(COLLECTED MATERIAL Opens)

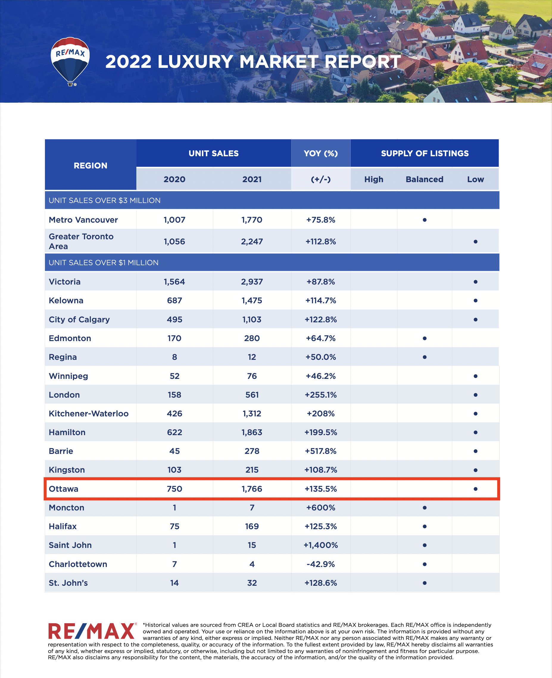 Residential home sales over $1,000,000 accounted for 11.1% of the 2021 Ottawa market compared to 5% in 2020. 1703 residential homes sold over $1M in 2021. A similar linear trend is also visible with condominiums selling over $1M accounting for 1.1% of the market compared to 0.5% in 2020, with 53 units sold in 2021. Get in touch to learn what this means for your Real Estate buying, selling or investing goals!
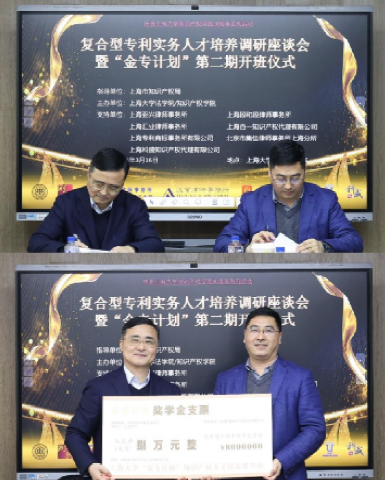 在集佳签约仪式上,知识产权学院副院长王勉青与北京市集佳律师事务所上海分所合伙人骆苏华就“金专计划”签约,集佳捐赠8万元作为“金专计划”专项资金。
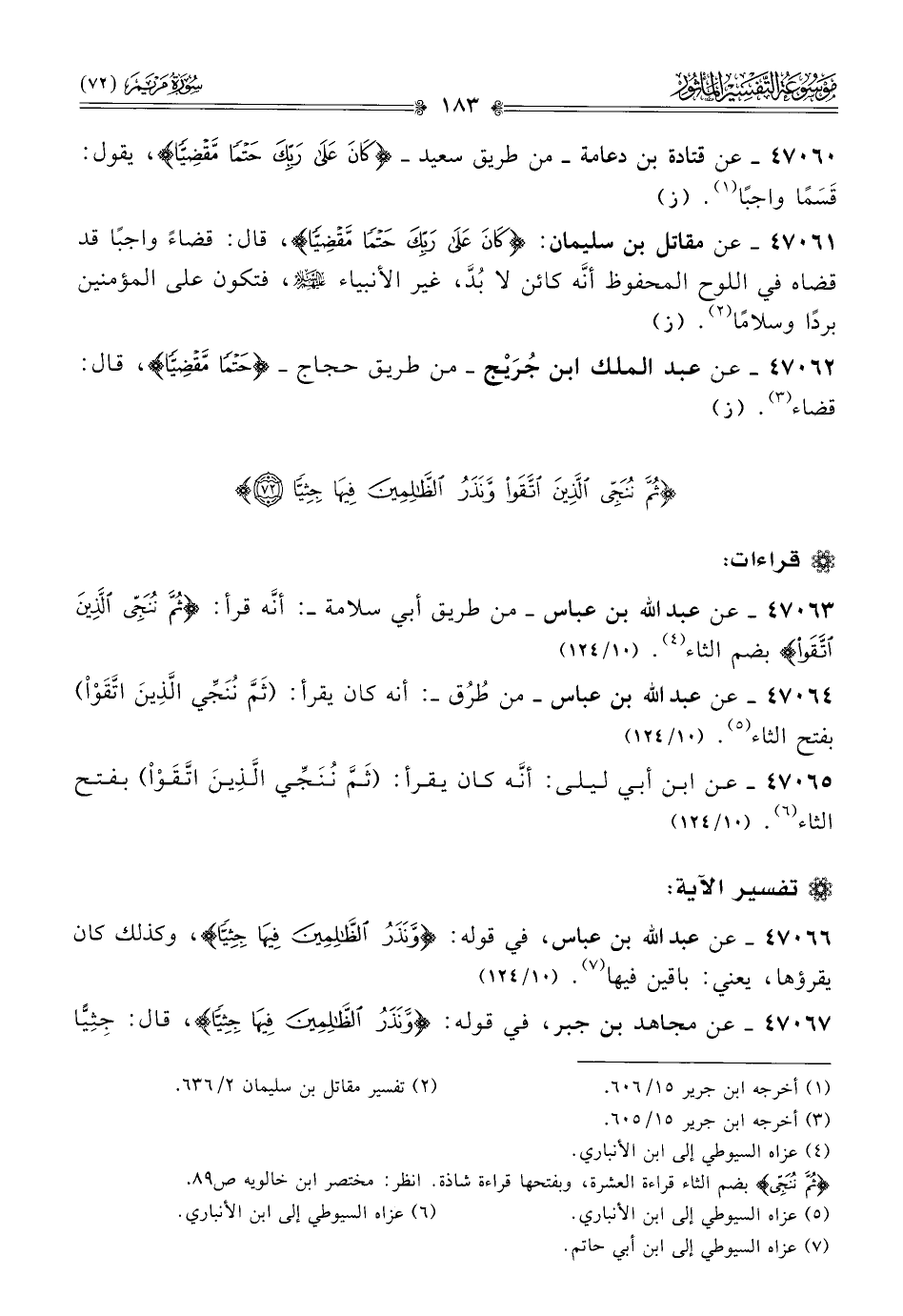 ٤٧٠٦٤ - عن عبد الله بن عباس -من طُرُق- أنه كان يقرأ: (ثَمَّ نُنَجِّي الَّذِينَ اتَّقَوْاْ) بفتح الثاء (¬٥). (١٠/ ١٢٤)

(COLLECTED MATERIAL Closes)

▶ TASK DIRECTIONS:
In the copy, only the lines from the one holding "在集佳签约仪式上,知识产权学" through the end of the listing above should appear, retyped exactly, both ends included, with no pictures.

▶ ANSWER SPACE:
 在集佳签约仪式上,知识产权学院副院长王勉青与北京市集佳律师事务所上海分所合伙人骆苏华就“金专计划”签约,集佳捐赠8万元作为“金专计划”专项资金。
 ٤٧٠٦٤ - عن عبد الله بن عباس -من طُرُق- أنه كان يقرأ: (ثَمَّ نُنَجِّي الَّذِينَ اتَّقَوْاْ) بفتح الثاء (¬٥). (١٠/ ١٢٤)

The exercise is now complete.